Data engineers build massive reservoirs for big data. They develop, construct, test and maintain architectures such as databases and large-scale data processing systems. Once continuous pipelines are installed to – and from – these huge “pools” of filtered information, data scientists can pull relevant data sets for their analyses.
Data Engineer Responsibilities
In his/her role as a hardcore builder, a data engineer may be required to:
- Design, construct, install, test and maintain highly scalable data management systems
- Ensure systems meet business requirements and industry practices
- Build high-performance algorithms, prototypes, predictive models and proof of concepts
- Research opportunities for data acquisition and new uses for existing data
- Develop data set processes for data modeling, mining and production
- Integrate new data management technologies and software engineering tools into existing structures
- Create custom software components (e.g. specialized UDFs) and analytics applications
- Employ a variety of languages and tools (e.g. scripting languages) to marry systems together
- Install and update disaster recovery procedures
- Recommend ways to improve data reliability, efficiency and quality
- Collaborate with data architects, modelers and IT team members on project goals
Data engineers may work closely with data architects (to determine what data management systems are appropriate) and data scientists (to determine which data are needed for analysis). They often wrestle with problems associated with database integration and messy, unstructured data sets. Their ultimate aim is to provide clean, usable data to whomever may require it.
An Interview with a Real Data Engineer
David Bianco has made a career of building geospatial data pipelines. He began his career first with Esri’s ArcGIS Online, then with Booz Allen Hamilton, and now with Urthecast. In 2014, he completed a two-month fellowship with INSIGHT Data Engineering. He is based in San Francisco, CA, and you can find him online at twitter.com/talldave.
In addition, as with most companies, we manage data beyond our core product. For example, we analyze log files and customer-use patterns. All companies benefit from this knowledge, which turns into useful business metrics.

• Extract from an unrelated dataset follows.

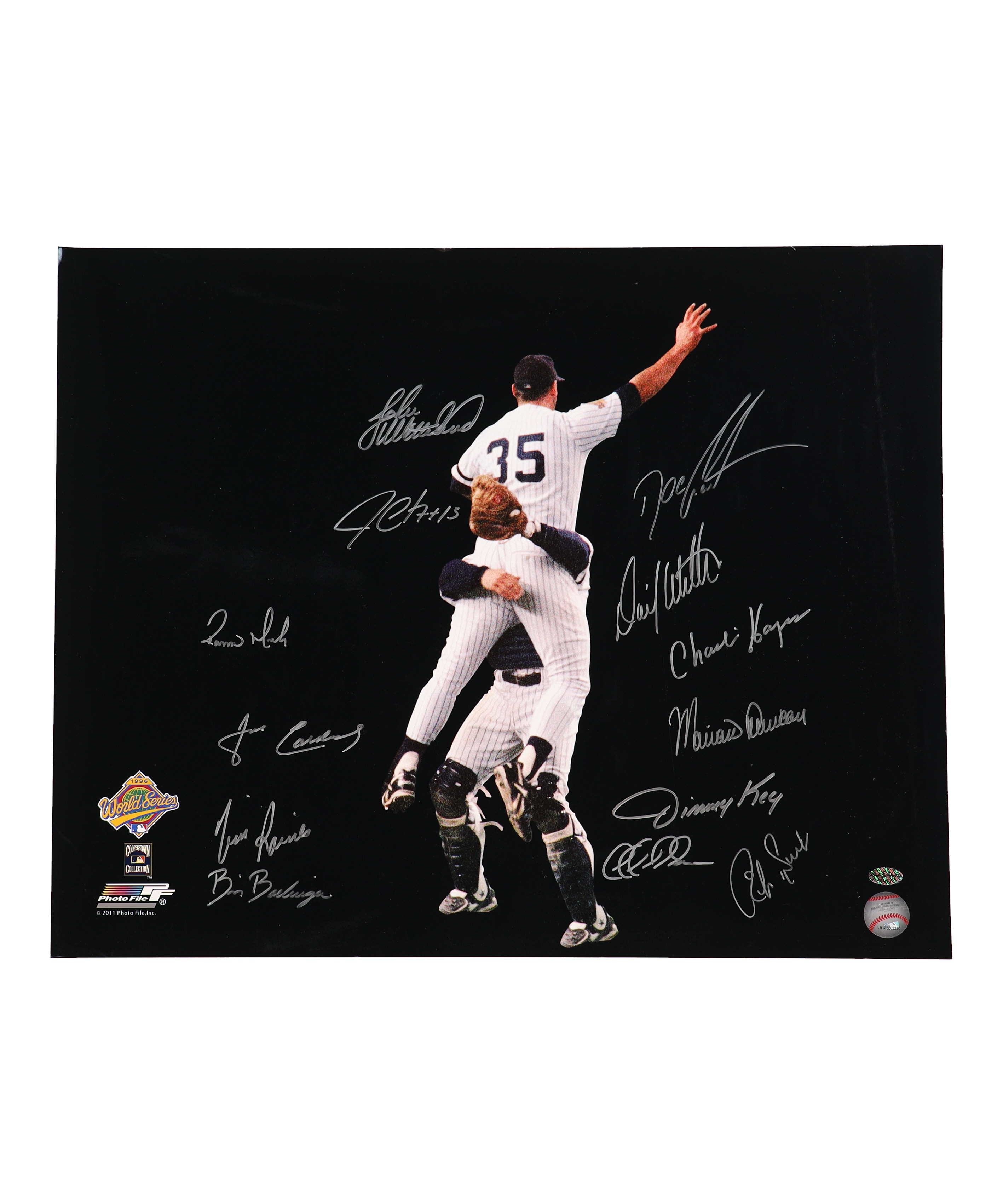 Poster measures 16" x 20" in size and has been hand-signed by (13) with Dwight Gooden, Jim Leyritz, Brian Boehringer, Tim Raines, Jimmy Key, John Wetteland, Charlie Hayes, Mariano Duncan, Graeme Lloyd and (4) others.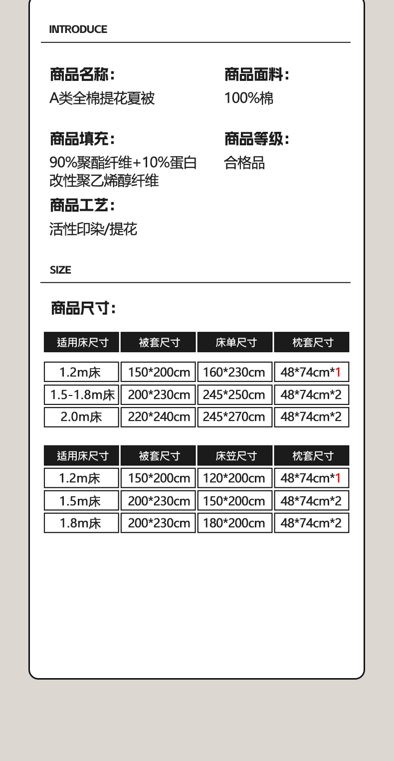 适用季节: 空调被/夏凉被

With APIs, I really feel web languages are sufficiently robust, so it’s not as important which one you choose as long as it is embraced as a common language amongst your team. Our environment relies heavily on both PHP and Python. Almost all of my code relating to data ingestion from other providers is written in Python. It is uncomplicated and robust and can talk to any datastore whether it’s RDBMS or NoSQL. Lastly, for data analysis, I use Big Data technologies, such as Spark, to forecast and recommend improvements based on how the data is consumed.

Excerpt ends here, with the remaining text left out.